#### [The task]
Please print, exactly, only the lines in the entries below from the line that has "The Bonnet: A" through the line that has "In the context". Pictures don't go in.

#### [Exercise input]
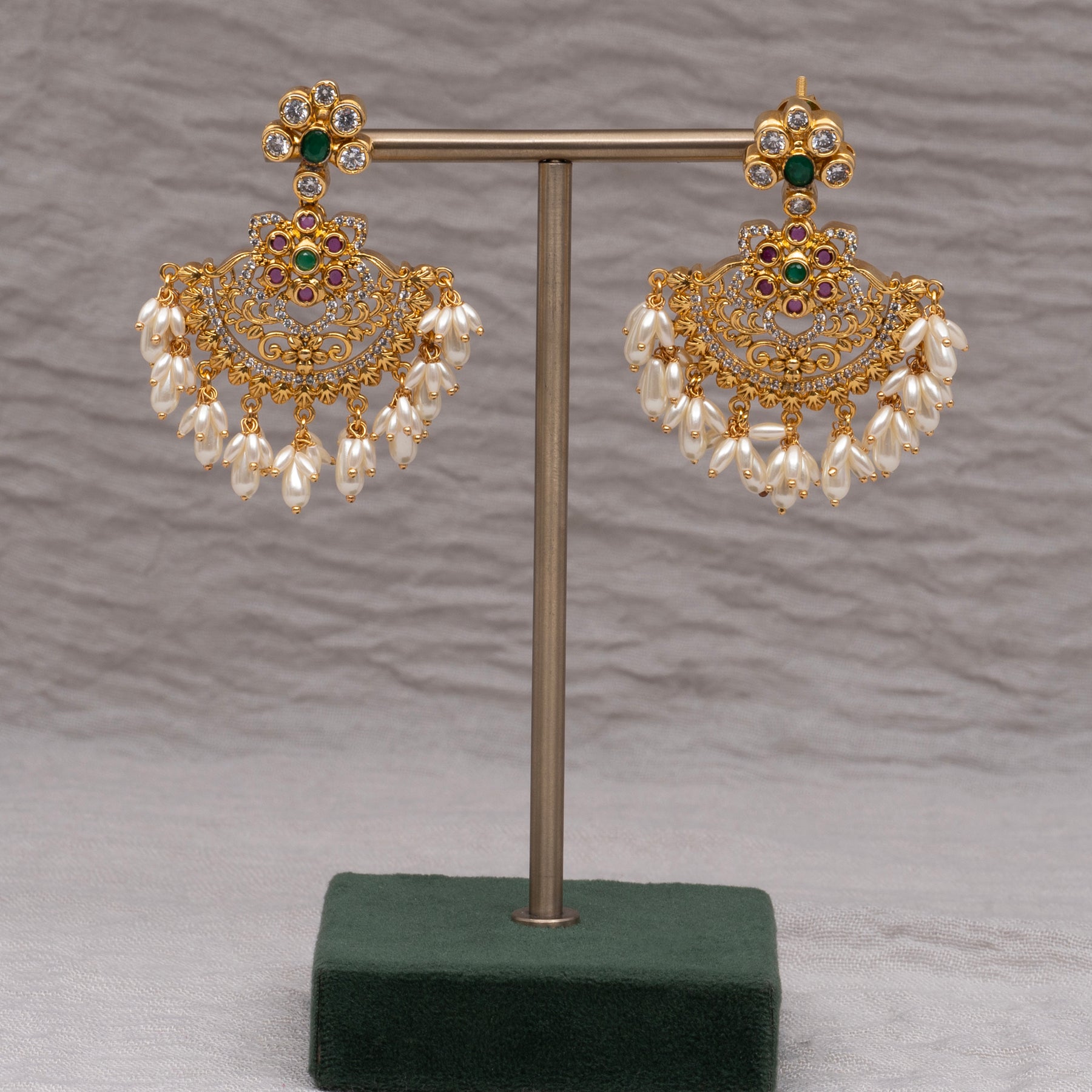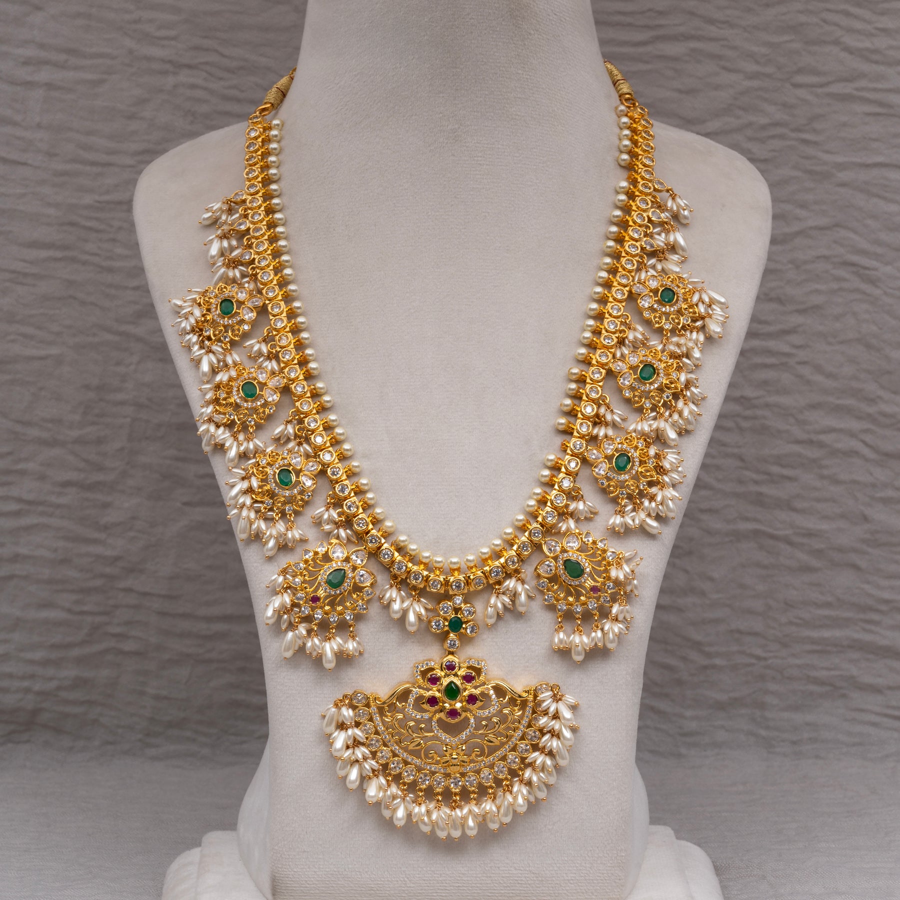 Experience the ultimate luxury with our handcrafted Guttapusal Necklace Set. Featuring top quality semi-precious rice pearls, real cz stones, and semi-precious emerald, this necklace set boasts a royal design that is one-of-a-kind. Its handmade craftsmanship and real gold look and feel make it a truly exquisite piece.
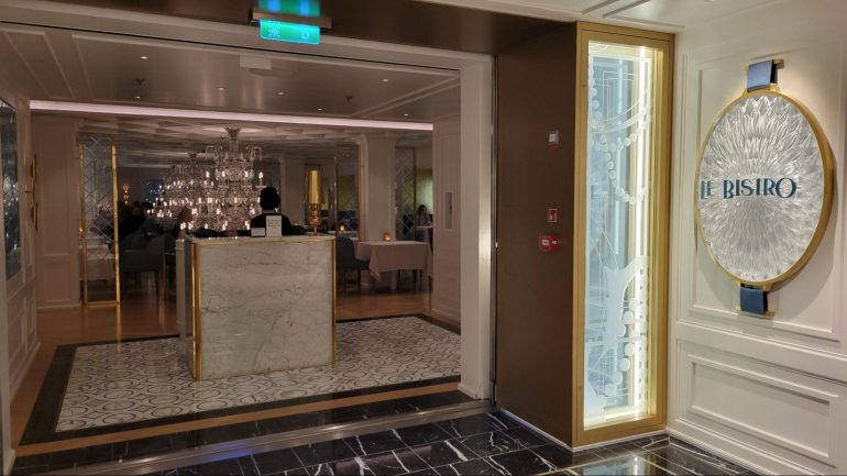 Only a small percentage of specialty dining reservations are available before getting on board so it seemed like everything was booked. It wasn’t. Once passengers are on board, the remaining reservations open up. With a reservation, the dining venue holds your space for 15 minutes and then gives up your table, which we learned the hard way one night when we arrived late. Our table was gone, forcing us to wait about 45 minutes for another one.
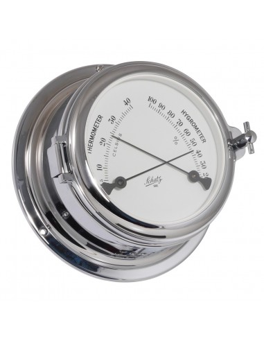 Deze thermo en hygrometer heeft een indeling in ºC en ºF op een duidelijk leesbare witte wijzerplaat. De comfortmeter is gemaakt van verchroomd messing en beschikt over een patrijspoort voor een gemakkelijke toegang naar de wijzerplaat. Deze comfortmeter komt uit de Midi 155 serie van Schatz 1881.
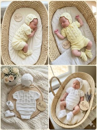 The Bonnet: A traditional T-shaped or back-seam bonnet that showcases the lace design and frames a baby’s
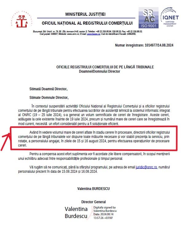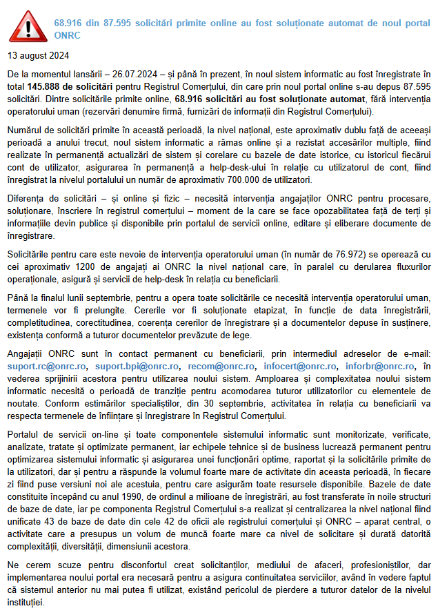 In the context of the suspension of the National Trade Register Office and the trade register offices attached to the courts for technical assistance work on the integrated IT system of the ONRC (July 19 โ 25, 2024), a significant volume of registration requests has been generated. These requests, combined with those existing before July 19, 2024, as well as the large number of requests currently being registered, require considerable effort to be resolved efficiently.
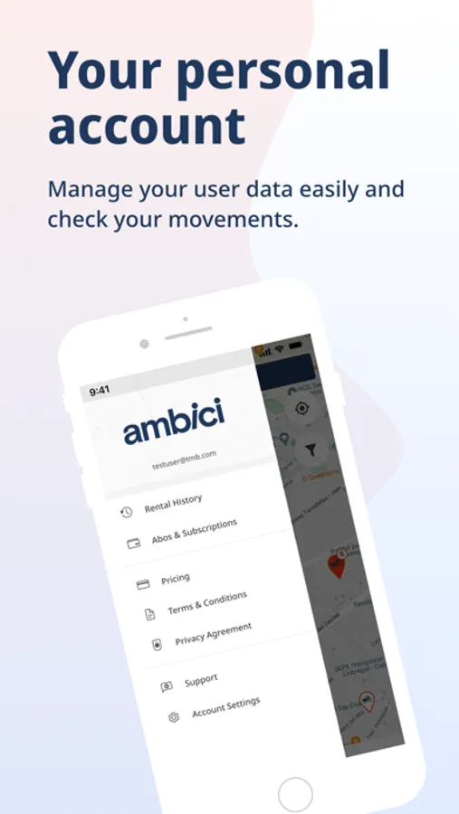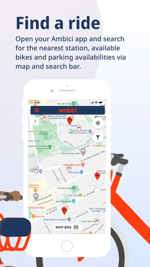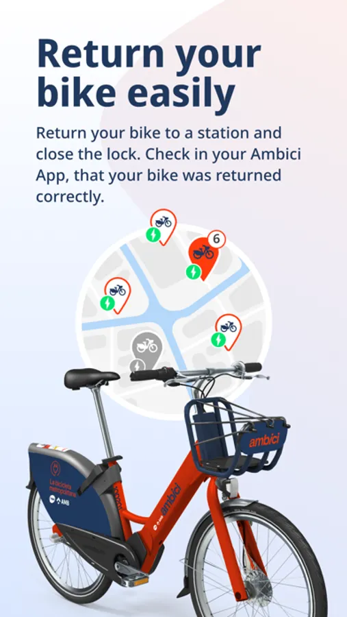 Open your Ambici app and search for the nearest station, available bikes and parking availabilities via map and search bar. Unlock your bike by scanning the QR code and enjoy your trip!
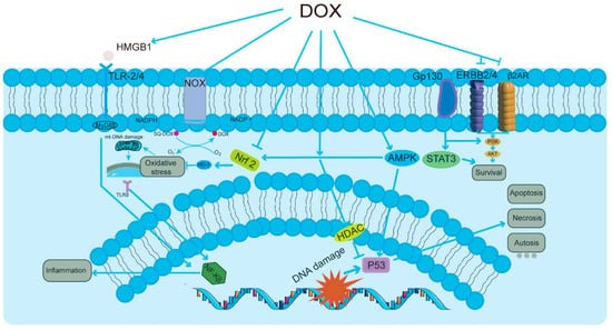 Nonetheless, a major challenge in the clinical application of DOX lies in its dose-dependent cardiotoxicity, posing a formidable limitation on its utilization [19,20,21]. One of the primary characteristics of doxorubicin-induced cardiotoxicity (DIC) (Figure 1) is the initiation of cellular responses in cardiomyocytes [22,23,24], which may lead to congestive heart failure. Among these pathways, the activation of the HMGB1/TLRs/NF-κB signaling pathway leads to heightened inflammatory responses. In parallel, the NOX/Nrf2/HO-1/ROS pathway plays a significant role in generating reactive oxygen species, thereby contributing to oxidative stress. Additionally, the AMPK/P53 pathway is responsible for inducing cell cycle arrest and apoptosis, while the PI3K/AKT/STAT3 pathway facilitates survival signaling. Together, these interrelated processes result in oxidative stress, mitochondrial DNA dysfunction, increased inflammation, and various forms of cell death, including apoptosis, necrosis, and autophagic cell death (autosis), ultimately affecting tissue homeostasis and function, as shown in Figure 1. This adverse effect not only diminishes the quality of life for cancer patients but also significantly increases the risk of mortality. Among these deleterious effects, mitochondrial damage stands out as particularly pronounced [25,26]. DOX first accumulates in the mitochondria of cardiomyocytes, where it binds to the phospholipid cardiolipin in the inner mitochondrial membrane, blocking the electron transport chain and inhibiting the function of complexes I and II, leading to a significant increase in reactive oxygen species (ROS). Excessive production of ROS disrupts the mitochondrial membrane lipids, which further leads to mitochondrial dysfunction and cell death [27,28]. DOX binds to DNA and topoisomerase 2β (Top2β) to form the Top2–DOX–DNA cleavage complex, which triggers cell death [29]. The inhibition of Top2β, an enzyme specific to cardiac mitochondria, leads to further disruption of mitochondrial structure and function [30]. Moreover, a novel type of cell death, “iron death” (Ferroptosis), is also involved in DIC [31]. DOX upregulates heme oxygenase 1, releasing free iron and forming an active iron–DOX complex, which further promotes the oxidation of mitochondrial membrane lipids, leading to cell death [32]. Autophagy is an important mechanism by which cells remove damaged mitochondria and maintain homeostasis [33]. DOX affects the PI3Kγ pathway and activates the PI3Kγ/Akt/mTOR cascade by inhibiting autophagic flux and suppressing the autophagy initiation process, thus further exacerbating the impairment of mitochondrial function [34]. DOX-mediated ROS production and lipid peroxidation can alter the activity of membrane proteins, such as mitochondrial calcium channels, thereby affecting Ca2+ homeostasis and signaling [35,36]. In addition, DOX impairs the expression and activity of myocardial sarcoplasmic reticulum ryanodine receptor 2 (RyR2) and sarcoplasmic reticulum Ca2+-ATPase (SERCA2), major participants in myocardial contraction, further reducing myocardial contractility [37,38]. In conclusion, the primary features of DOX’s dose-dependent cardiotoxicity include the impairment of cardiac mitochondrial function, which involves several facets of ROS production, the inhibition of Top2β, induction of iron death, the inhibition of autophagic flux, and the disturbance of Ca2+ homeostasis. Together, these interrelated pathways cause damage to cardiomyocytes and a reduction in heart function.
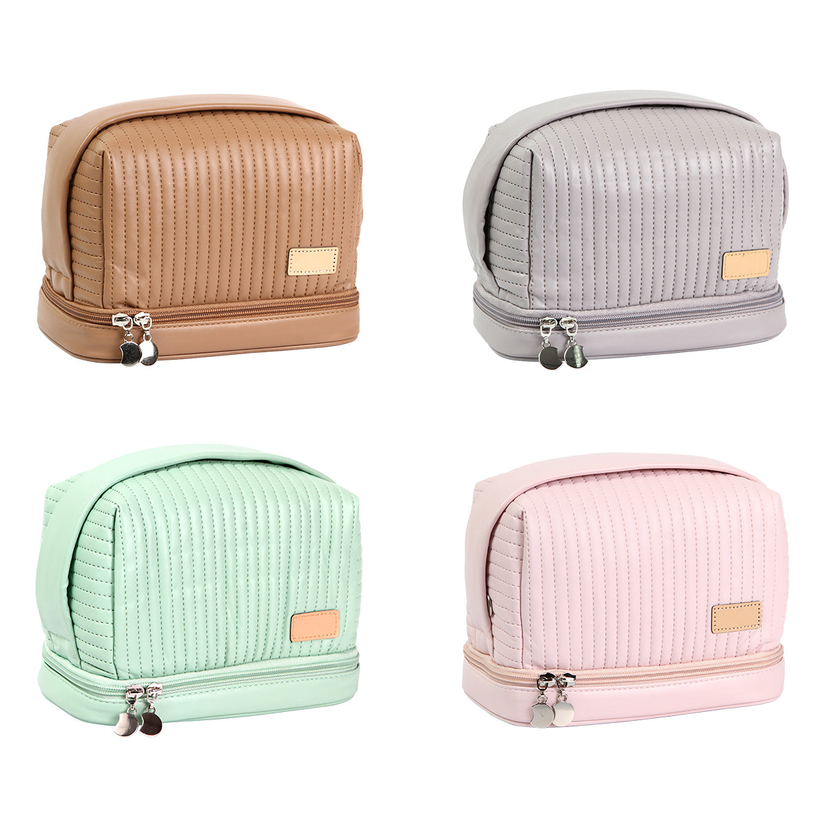 bolsa de cosméticos fabricada en curpiel y poliéster. con tacto crema y asa, dos bolsillos con cremallera, uno impermeable con forro de acetato de vinilo y polietileno (peva). diseño semicircular con rayas.
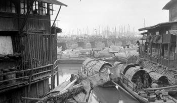 We had another blow while in Shanghai. We went next morning; the wind having subsided but the mud in the Yangtze had been so stirred up by the storm that we were steaming through what was now more like liquid mud than water, and the engine tubes got so choked up that we gradually slowed down to about 4 knots, barely stemming the tide and we had to anchor for the night.

#### [Solution to the problem]
 The Bonnet: A traditional T-shaped or back-seam bonnet that showcases the lace design and frames a baby’s
 In the context of the suspension of the National Trade Register Office and the trade register offices attached to the courts for technical assistance work on the integrated IT system of the ONRC (July 19 โ 25, 2024), a significant volume of registration requests has been generated. These requests, combined with those existing before July 19, 2024, as well as the large number of requests currently being registered, require considerable effort to be resolved efficiently.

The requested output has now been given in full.